Exactly retype the lines from the top of the data through the line containing "Description: A bird", leaving out every picture.

DATA EXCERPT:
****

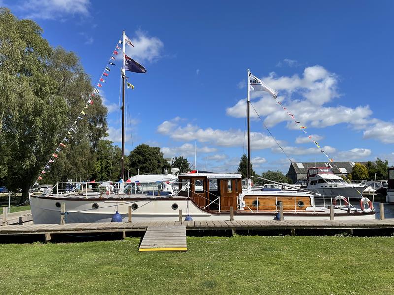 J S Thornycroft Ltd Motor Yacht – 1934 – Powered by 1 x Perkins 6354 & 2 x Perkins 4107 diesel engines through shaft. Offering up to 5 berth accommodation over two cabins and saloon with two toilet compartments, one with shower. Galley with twin hob, microwave, fridge and sink. Specification including shore power, 2 battery chargers, immersion heater, Raymarine chart plotter, VHF, echo sounder. A charming vessel steeped in documented history, lovingly restored and maintained by her current owners.
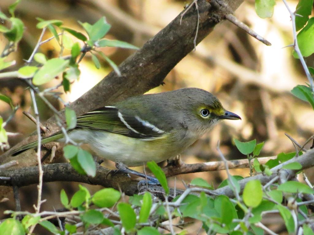 Description: A bird sitting on a branch in a tree with leaves around it and a blurry background of leaves.
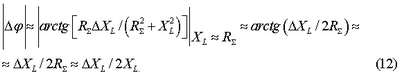 Например, при коэффициенте передачи фазового детектора 0,4 В/град и соотношении XL/XL 0,001, что соответствует замыканию одного витка в фазной обмотке, значение | |=0,0005 рад = 0,028 град, а значение напряжения на выходе фазового детектора uвых=0,4·0,028=11,2 мВ и, следовательно, может быть измерено стандартными средствами.

****

YOUR RESPONSE:
 J S Thornycroft Ltd Motor Yacht – 1934 – Powered by 1 x Perkins 6354 & 2 x Perkins 4107 diesel engines through shaft. Offering up to 5 berth accommodation over two cabins and saloon with two toilet compartments, one with shower. Galley with twin hob, microwave, fridge and sink. Specification including shore power, 2 battery chargers, immersion heater, Raymarine chart plotter, VHF, echo sounder. A charming vessel steeped in documented history, lovingly restored and maintained by her current owners.
 Description: A bird sitting on a branch in a tree with leaves around it and a blurry background of leaves.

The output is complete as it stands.